• [DATA SEGMENT]:
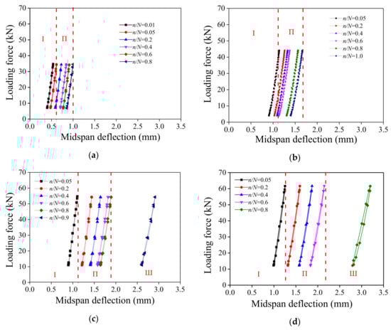 The hysteresis curves of the UHP-ECC at different fatigue stress levels are shown in Figure 17 where the aforementioned three deformation stages are also identified as Stage I (rapid deformation), Stage II (deformation stabilization), and Stage III (instability and failure), depending on the fatigue stress. With the increase of the fatigue stress level, the mid-span deflection was mainly distributed in a region ranging between 0.25 and 1.0 mm at S = 0.5 as well as between 1.0 and 3.0 mm at S = 0.9, respectively. Most of the load cycles took place in Stage II, and the load-midspan deflection curves exhibit a linear characteristic.
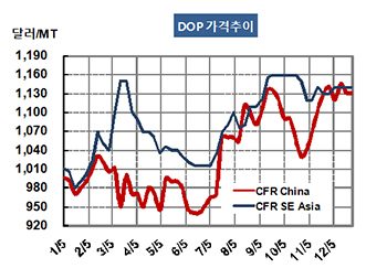 DOP는 메이저들이 가동률을 낮추고 PVC(Polyvinyl Chloride)가 강세로 전환됐음에도 불구하고 CFR China 1060달러로 20달러 하락했다.
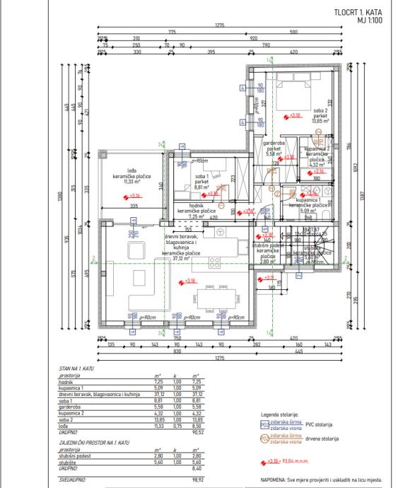 - na svim prozorima i vratima vanjske stolarije aluminijske rolete punjene poliuretanskom pjenom
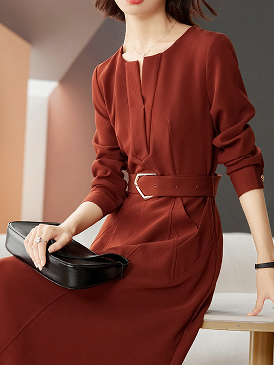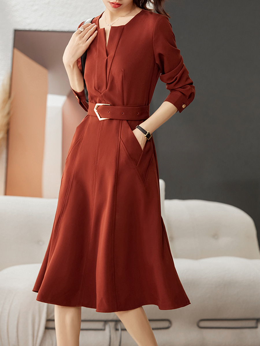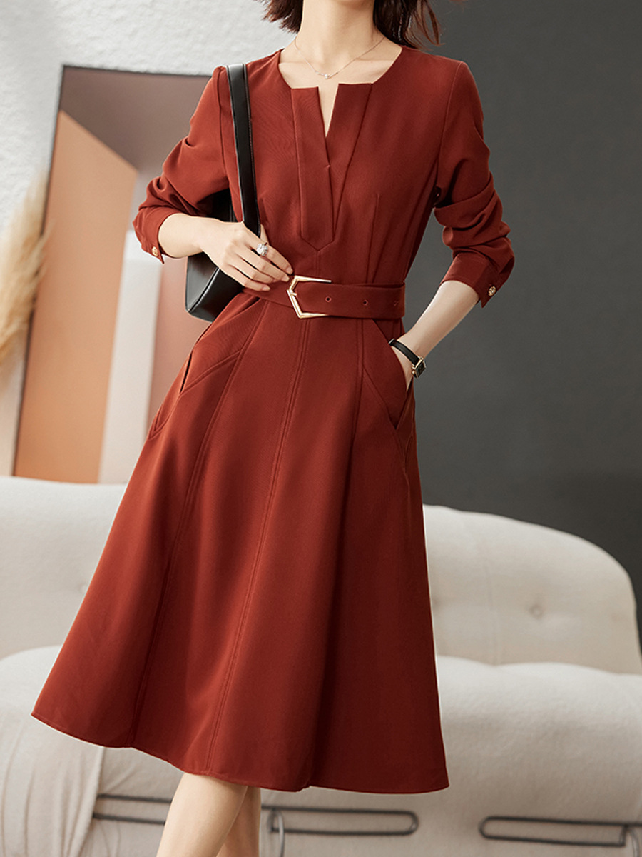 気質のある通勤用長袖アウタースカート、2025年秋新作女性用Vネックウエスト痩身シャツドレス

• [YOUR OBJECTIVE]: With the pictures set aside, write out the whole listing exactly.

• [EXERCISE OUTPUT]:
 The hysteresis curves of the UHP-ECC at different fatigue stress levels are shown in Figure 17 where the aforementioned three deformation stages are also identified as Stage I (rapid deformation), Stage II (deformation stabilization), and Stage III (instability and failure), depending on the fatigue stress. With the increase of the fatigue stress level, the mid-span deflection was mainly distributed in a region ranging between 0.25 and 1.0 mm at S = 0.5 as well as between 1.0 and 3.0 mm at S = 0.9, respectively. Most of the load cycles took place in Stage II, and the load-midspan deflection curves exhibit a linear characteristic.
 DOP는 메이저들이 가동률을 낮추고 PVC(Polyvinyl Chloride)가 강세로 전환됐음에도 불구하고 CFR China 1060달러로 20달러 하락했다.
 - na svim prozorima i vratima vanjske stolarije aluminijske rolete punjene poliuretanskom pjenom
 気質のある通勤用長袖アウタースカート、2025年秋新作女性用Vネックウエスト痩身シャツドレス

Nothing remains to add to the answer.